Statistically significant differences between two groups were determined with t tests. The results are reported as mean ± standard deviation. P values of less than 0.05 were considered significant.

Sulf-1 and Sulf-2 mRNA expression in eight OA donors (49 to 68 years old; Mankin score: 7 to 10 points) was significantly higher than in eight young donors (19 to 37 years old; Mankin score: 0 to 2 points) as determined by real-time PCR (Figure 1).

Young and old normal samples as seen on safranin O staining (Figure 2a, d, g) had only a few Sulf-positive cells in the superficial zone (Figure 2b, c, e, f, h, i) and no positive cells in the middle and deep zones.

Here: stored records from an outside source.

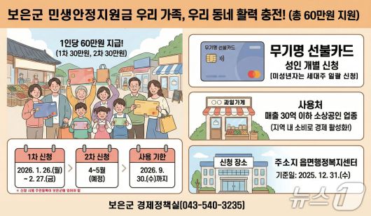 1인당 60만 원(1차 30만 원, 2차 30만 원)을 무기명 선불카드로 지급한다.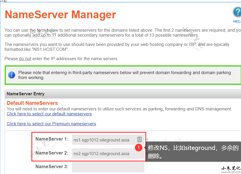 4、此时把原先的 Namesilo 的 NS1 和 NS2 地址改成 siteground 的 NS 地址,多余的NS记录删除,记得点击保存。修改NS效果如下图: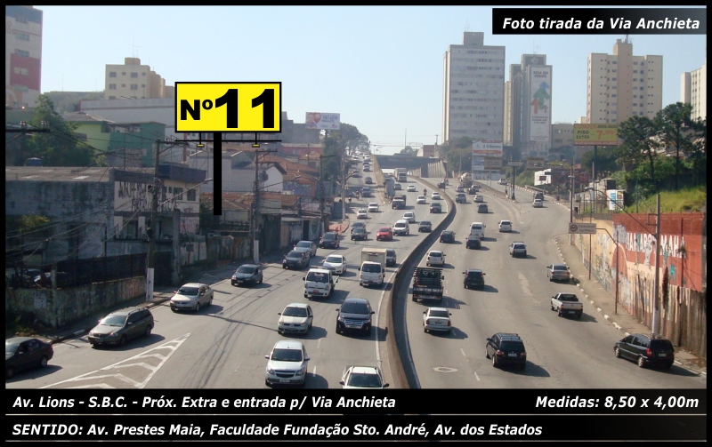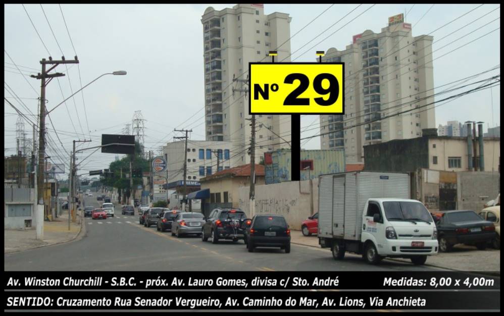 Veja os pontos de Placa publicitária em S.B.C. - Avenida João Firmino os clientes contam com duas opções de Front Light de 8,00 x 4,00; a Avenida Winston Churchill possui fluxo de mais de 30 mil veículos/dia e duas opções para Front Light de 8,00 x 4,00 m; na Avenida Lions; a Avenida Piraporinha; a Avenida Lucas Nogueira Garcêz; e na Avenida Pereira Barreto.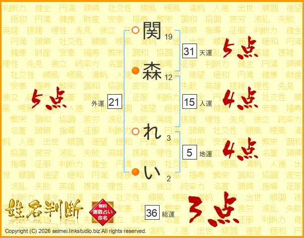 生活面を象徴する運勢です。外部から受ける影響力を表し、結婚運、家庭運や職場、環境への順応性を表します。総運から人運を引いた画数。姓や名が1文字の場合を除く。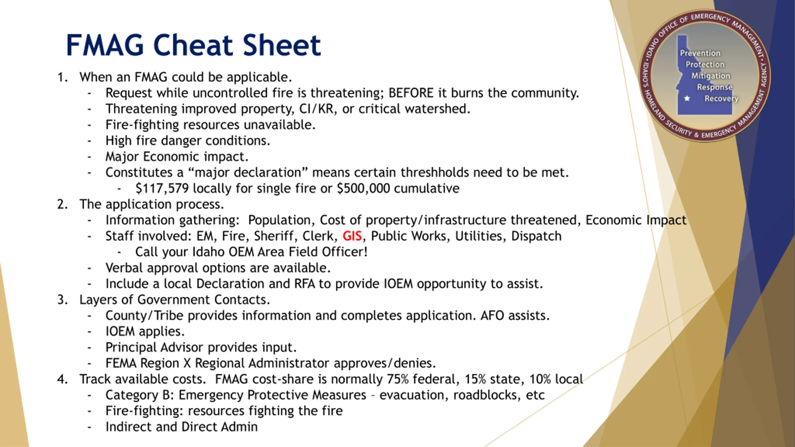 FMAG Cheat Sheet 1. When an FMAG could be applicable. - Request while uncontrolled fire is threatening; BEFORE it burns the community. - Threatening improved property, CI/KR, or critical watershed. - Fire-fighting resources unavailable. - High fire danger conditions. - Major Economic impact. - Constitutes a major declaration means certain threshholds need to be met. - $117,579 locally for single fire or $500,000 cumulative 2. The application process. - Information gathering: Population, Cost of property/infrastructure threatened, Economic Impact - Staff involved: EM, Fire, Sheriff, Clerk, GIS, Public Works, Utilities, Dispatch - Call your Idaho OEM Area Field Officer! - Verbal approval options are available. - Include a local Declaration and RFA to provide IOEM opportunity to assist. 3. Layers of Government Contacts. - County/Tribe provides information and completes application. AFO assists. - IOEM applies. - Principal Advisor provides input. - FEMA Region X Regional Administrator approves/denies. 4. Track available costs. FMAG cost-share is normally 75% federal, 15% state, 10% local - Category B: Emergency Protective Measures evacuation, roadblocks, etc - Fire-fighting: resources fighting the fire - Indirect and Direct Admin
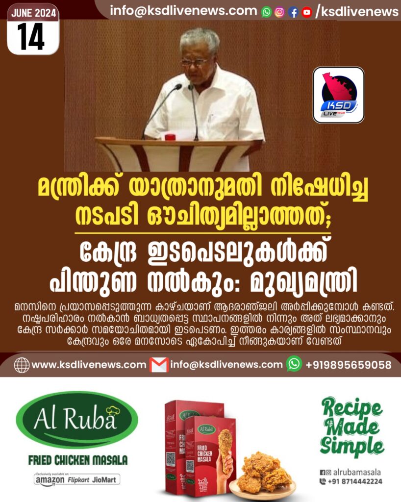 മന്ത്രിക്ക് യാത്രാനുമതി നിഷേധിച്ച നടപടി ഔചിത്യമില്ലാത്തത്, കേന്ദ്ര ഇടപെടലുകൾക്ക് പിന്തുണ നൽകും: മുഖ്യമന്ത്രി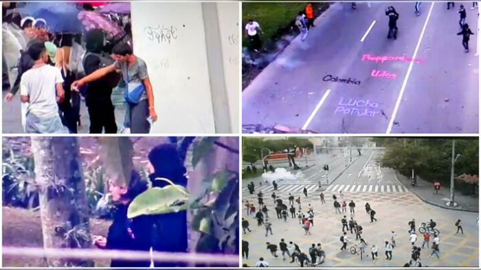 El comandante operativo de la Policia Metropolitano del Valle de Aburrá coronel Iván Darío Santamaría Montoya señaló que el panorama en estos momentos en las inmediaciones de la Universidad de Antioquia, es que algunos manifestante atacan a la Fuerza Pública con papas explosivas, piedras y bombas molotov.

In general, the expression of Sulf-2 appeared more intense than Sulf-1 in normal cartilage. In OA cartilage, many positive cells were detected, especially in chondrocyte clusters (Figure 3g, h, k, l). The representative example of 65-year-old cartilage had both normal areas (Mankin score: 2) (Figure 3a, b) and OA areas with fibrillations and cluster formation (Mankin score: 8) (Figure 3c, d). The normal appearing areas from OA joints had 18.5% Sulf-1-positive and 31.9% Sulf-2-positive cells in the superficial zone (Figure 3e, f, i, j), which was greater than in normal cartilage (Figure 2). On the other hand, OA areas had 75.3% Sulf-1-positive and 73.2% Sulf-2-positive cells (Figure 3g, h, k, l).

Figure 4 shows quantitative analysis of the zonal distribution of Sulf-1- and Sulf-2-expressing cells in eight normal (17 to 37 years old) and eight OA (43 to 82 years old) donors. In OA, the superficial zone was already eroded. The middle zone in OA cartilage had significantly more positive cells than normal (*P < 0.01). Moreover, the number of Sulf-2-positive cells in the superficial and middle zones was greater than Sulf-1-expressing cells (P = 0.02).

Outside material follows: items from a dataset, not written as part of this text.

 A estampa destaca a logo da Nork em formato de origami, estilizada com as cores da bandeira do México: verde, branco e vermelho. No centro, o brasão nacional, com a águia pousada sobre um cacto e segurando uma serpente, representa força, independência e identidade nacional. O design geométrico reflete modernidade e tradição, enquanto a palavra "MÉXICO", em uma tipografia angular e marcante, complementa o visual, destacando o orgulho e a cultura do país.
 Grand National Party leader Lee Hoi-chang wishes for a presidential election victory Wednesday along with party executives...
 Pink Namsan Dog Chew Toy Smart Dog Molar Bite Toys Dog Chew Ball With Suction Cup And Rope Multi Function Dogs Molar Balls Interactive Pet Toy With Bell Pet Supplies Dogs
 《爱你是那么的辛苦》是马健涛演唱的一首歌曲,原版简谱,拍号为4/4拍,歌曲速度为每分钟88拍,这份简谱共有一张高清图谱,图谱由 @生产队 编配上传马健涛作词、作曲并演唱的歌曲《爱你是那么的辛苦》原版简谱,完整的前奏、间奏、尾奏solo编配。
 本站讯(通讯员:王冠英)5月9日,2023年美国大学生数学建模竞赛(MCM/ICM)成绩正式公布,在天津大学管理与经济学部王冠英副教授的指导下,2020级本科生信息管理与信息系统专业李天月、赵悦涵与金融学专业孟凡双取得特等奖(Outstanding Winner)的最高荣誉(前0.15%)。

Western blotting was performed to visualize Sulf proteins and determine differences in the expression between normal and OA. In total protein extracts from normal cartilage, Sulf-1 and Sulf-2 were not detectable. In contrast, high levels of Sulf-1 and Sulf-2 protein were detected in OA cartilage (Figure 5). The major Sulf-1 and Sulf-2 protein bands migrated at approximately 72 kDa, which is the molecular mass of the secreted proteins 173031.

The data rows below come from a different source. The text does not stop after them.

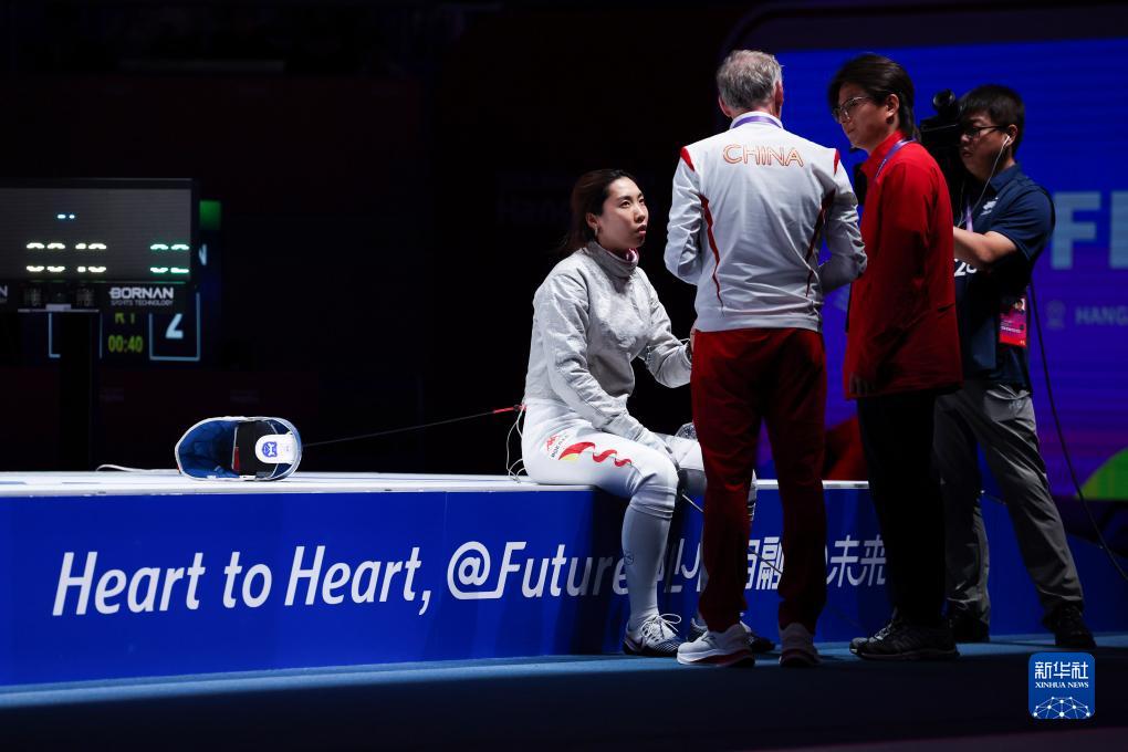 9月26日,中國選手邵雅琦(左一)在比賽間隙與教練交流。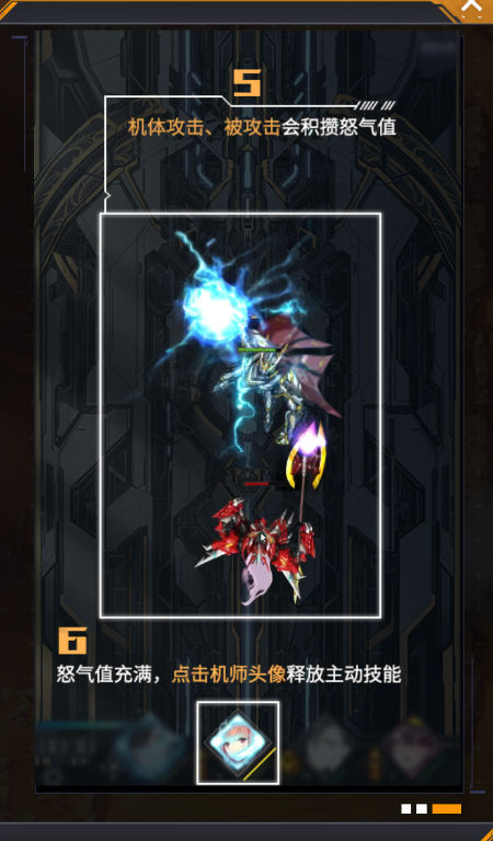 3、每台机体均拥有能量槽,当能量蓄满后,点击屏幕下方对应机师头像即可释放强力必杀技!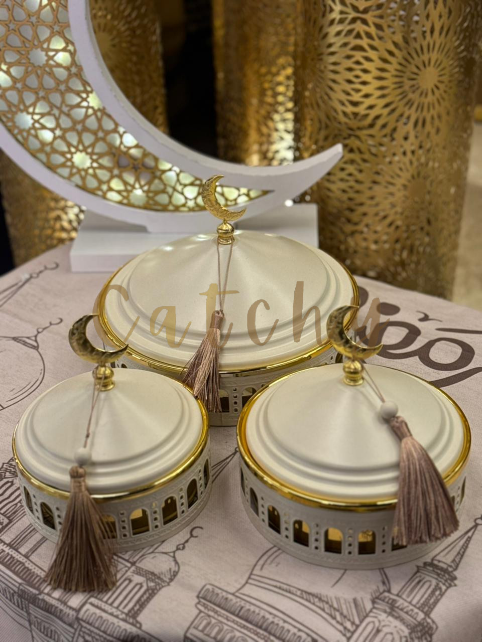 An elegant Ramadan dates plate set inspired by traditional Islamic architecture, featuring beautifully shaped bowls with arched window detailing and topped with white lids crowned with gold crescent moon finials. The soft white and gold color palette creates a refined and festive look, making this set perfect for serving dates, sweets, or nuts during Iftar and Eid gatherings.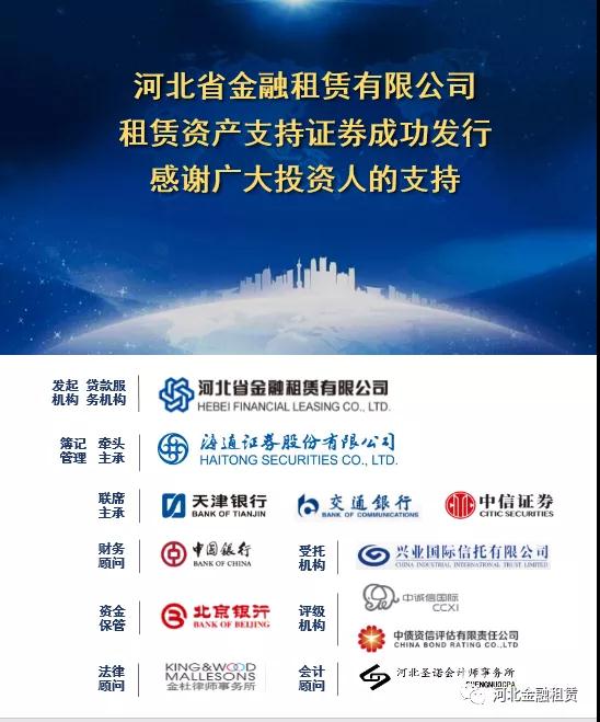 關注 | 河北金租15.65億元資產證券化產品成功發行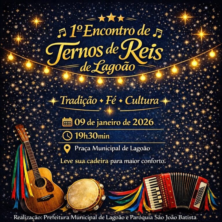 A prefeitura de Lagoão, em parceria com a Paróquia São João Batista, promove no dia 9 de janeiro o 1º Encontro de Ternos de Reis, um evento que valoriza a fé, a cultura e as tradições populares do município. A programação terá início às 19h30min, na Praça Municipal, e é aberta a toda a comunidade.

TM joints from normal C57BL/6J mice (n = 6) were analyzed with safranin O staining (Figure 6a–c) and immunohistochemistry for Sulf-1 and Sulf-2 (Figure 6d–i). Histology showed thinning and reduced cell density in articular cartilage with increasing age (Figure 6c). In 6-month-old mice, only a few cells were positive for Sulf-1 but Sulf-2-positive cells were present throughout the cartilage. There was a marked increase in Sulf-2 expression at 9 months and in Sulf-1 expression at 12 months. In murine knee joints (n = 8), there was high Sulf expression at 1 month of age, followed by a decrease with joint maturation. Increased expression of Sulf-1 and Sulf-2 was seen in the articular cartilage of murine knee joints by 12 months of age, when early OA-like changes become apparent (Figure 7).